Box 1. Chronic myeloid leukemia (CML), a myeloproliferative syndrome controlled by the immune system.
Chronic myeloid leukemia is the first malignant disorder with a specific genetic abnormality in the background. It is due to the formation of the chimeric oncogene BCR–ABL. This oncogene is responsible for the transformation of hematopoietic stem cells (HSC) into leukemic stem cells, which results in a leukemic syndrome of mature myeloid cells characterizing the chronic phase (CP) and ineluctably evolving, without treatment, to acute leukemia (59). The ABL domain of the chimeric oncogene BCR–ABL presents deregulated tyrosine kinase activity, which is responsible for the transformation of the HSC. Since the outset of the 2000s, new CML treatment has consisted in the tyrosine kinase inhibitors of BCR–ABL. Some arguments suggest that CML is a disease in which the immune system has a key role [for review, see Ref. (60)]. In addition, during the chronic phase of CML, numerous innate anomalies in the innate immune system have been evidenced. Indeed, defective differentiation of the plasmacytoid dendritic cells, defective IFN-α production by mononuclear cells, and defective functions of NK cells have been observed (61, 62).

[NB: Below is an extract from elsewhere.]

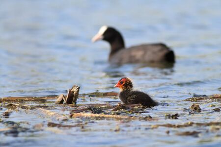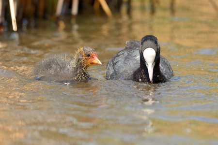 Eurasian or common coot, fulicula atra, duck and duckling on the waterlake
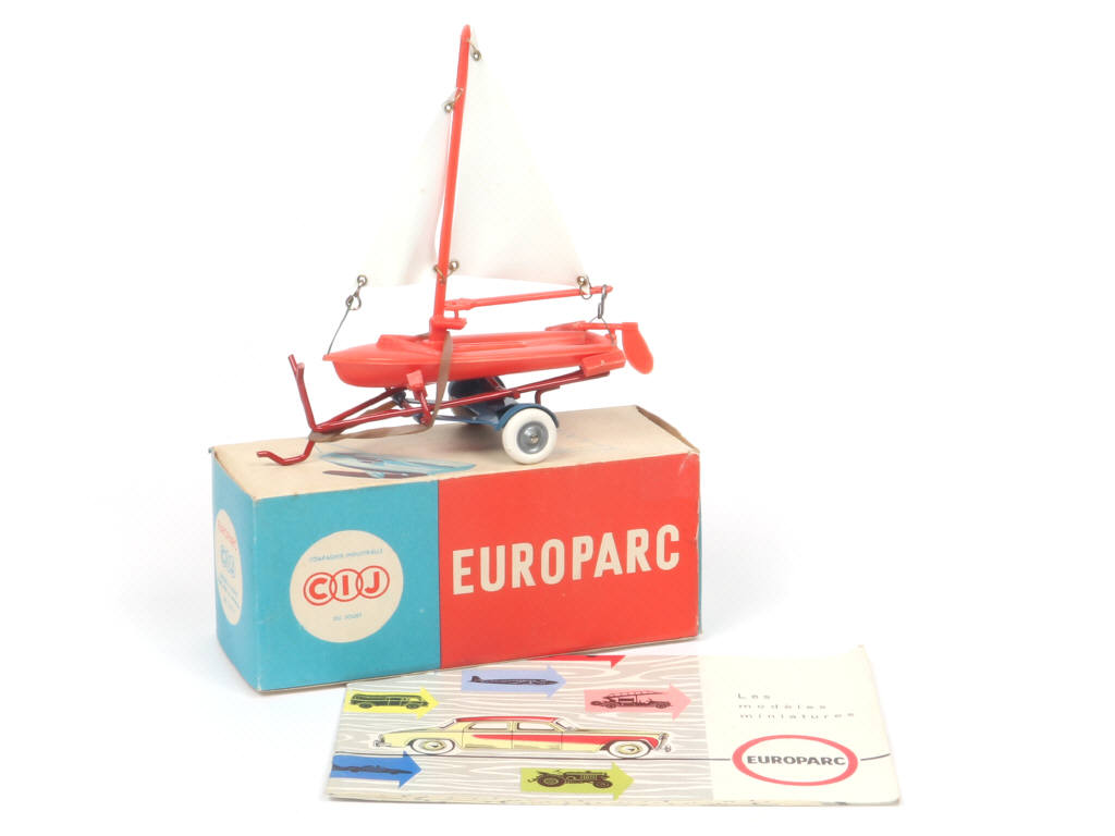 C.I.J. (FRANCE) 3/76A Voilier sur sa remorque blanc, rouge & bleu

Box 2. Functional deficiency of iNKT cells in chronic phase of CML (CML-CP) patients.
Our team has shown in CML-CP patients at diagnosis a major defect in the iNKT lymphocyte functions, particularly as concerns their proliferative response to T-cell receptor (TCR) stimulation (63) and their cytotoxic arsenal, with a loss in the expression of perforin and FasL, two elements implicated in cancer immunosurveillance by iNKT cells in mice (57, 64). It must also be emphasized that the iNKT cells of CML-CP patients have lost their expression of the transcription factor promyelocytic leukemia zinc-finger factor and no longer produce IL-4 during TCR engagement; on the other hand, they show normal expression of IFN-γ in comparison with the iNKT lymphocytes of healthy donors or patients in complete remission following treatment by tyrosine kinase inhibitors such as imatinib mesylate (63).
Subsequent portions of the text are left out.